## Exercise:
Pictures are to be left out, and only the lines below starting at the one with "Complementary, a 2D" and ending at the one with "У Питера Паркера" are to be reproduced, each exactly, both ends included.

## Information provided:
────────────────────

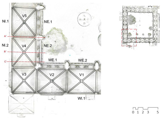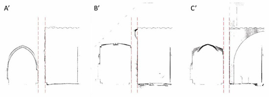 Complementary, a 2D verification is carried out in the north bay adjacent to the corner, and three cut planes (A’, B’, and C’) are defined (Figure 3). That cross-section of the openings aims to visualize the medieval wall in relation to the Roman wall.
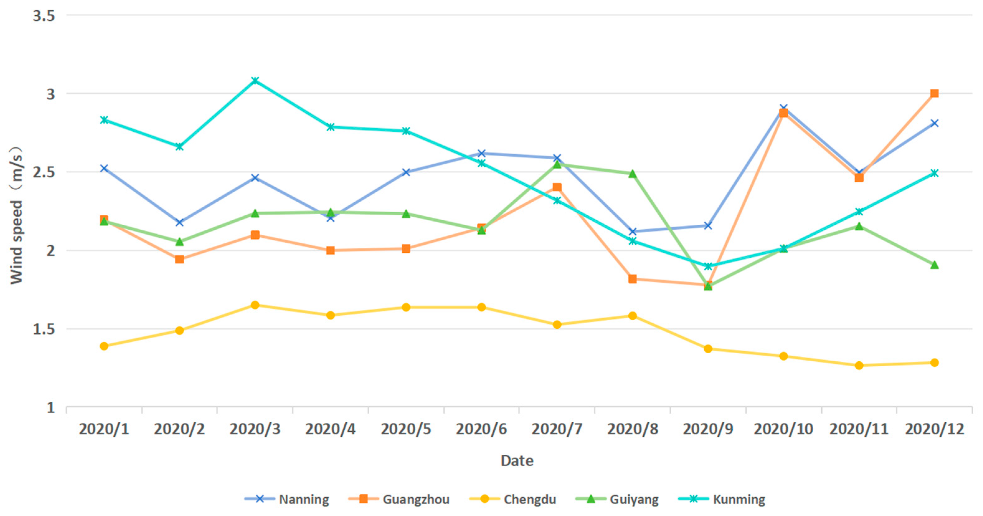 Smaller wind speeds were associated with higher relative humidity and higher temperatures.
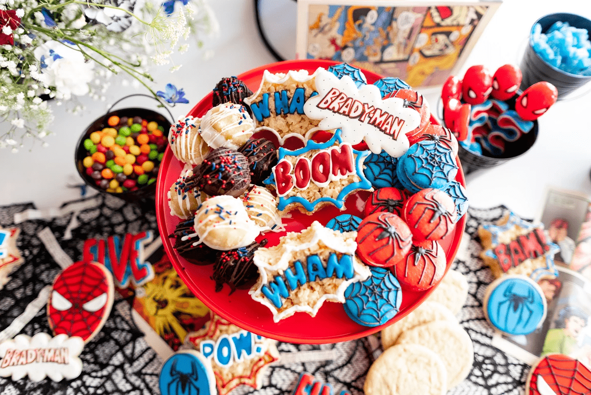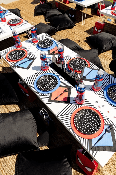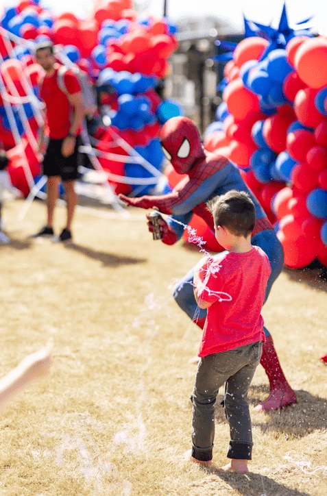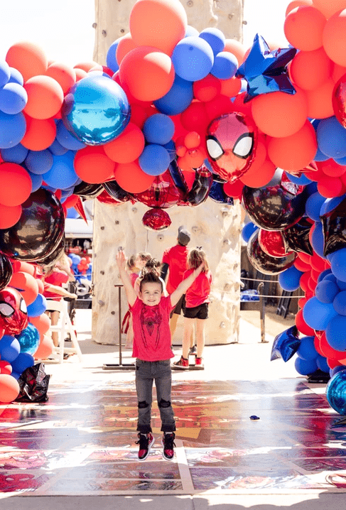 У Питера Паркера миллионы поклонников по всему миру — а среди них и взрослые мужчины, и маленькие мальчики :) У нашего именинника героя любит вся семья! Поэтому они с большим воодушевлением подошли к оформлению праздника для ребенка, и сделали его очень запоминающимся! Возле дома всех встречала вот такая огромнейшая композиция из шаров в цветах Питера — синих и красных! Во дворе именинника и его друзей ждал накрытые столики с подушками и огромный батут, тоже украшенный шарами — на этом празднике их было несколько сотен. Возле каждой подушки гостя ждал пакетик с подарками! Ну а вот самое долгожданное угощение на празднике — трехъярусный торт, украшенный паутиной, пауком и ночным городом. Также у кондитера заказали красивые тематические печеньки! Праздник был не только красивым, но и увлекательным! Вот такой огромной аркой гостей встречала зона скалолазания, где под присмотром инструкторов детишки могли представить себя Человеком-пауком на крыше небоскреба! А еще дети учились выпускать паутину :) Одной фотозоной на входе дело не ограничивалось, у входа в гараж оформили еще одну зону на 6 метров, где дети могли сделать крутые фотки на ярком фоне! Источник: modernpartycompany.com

────────────────────

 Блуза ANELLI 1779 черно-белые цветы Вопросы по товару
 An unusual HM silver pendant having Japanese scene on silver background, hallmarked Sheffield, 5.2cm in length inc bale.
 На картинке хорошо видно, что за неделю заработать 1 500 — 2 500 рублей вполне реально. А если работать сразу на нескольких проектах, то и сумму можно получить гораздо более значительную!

────────────────────

## Your response:
 Complementary, a 2D verification is carried out in the north bay adjacent to the corner, and three cut planes (A’, B’, and C’) are defined (Figure 3). That cross-section of the openings aims to visualize the medieval wall in relation to the Roman wall.
 Smaller wind speeds were associated with higher relative humidity and higher temperatures.
 У Питера Паркера миллионы поклонников по всему миру — а среди них и взрослые мужчины, и маленькие мальчики :) У нашего именинника героя любит вся семья! Поэтому они с большим воодушевлением подошли к оформлению праздника для ребенка, и сделали его очень запоминающимся! Возле дома всех встречала вот такая огромнейшая композиция из шаров в цветах Питера — синих и красных! Во дворе именинника и его друзей ждал накрытые столики с подушками и огромный батут, тоже украшенный шарами — на этом празднике их было несколько сотен. Возле каждой подушки гостя ждал пакетик с подарками! Ну а вот самое долгожданное угощение на празднике — трехъярусный торт, украшенный паутиной, пауком и ночным городом. Также у кондитера заказали красивые тематические печеньки! Праздник был не только красивым, но и увлекательным! Вот такой огромной аркой гостей встречала зона скалолазания, где под присмотром инструкторов детишки могли представить себя Человеком-пауком на крыше небоскреба! А еще дети учились выпускать паутину :) Одной фотозоной на входе дело не ограничивалось, у входа в гараж оформили еще одну зону на 6 метров, где дети могли сделать крутые фотки на ярком фоне! Источник: modernpartycompany.com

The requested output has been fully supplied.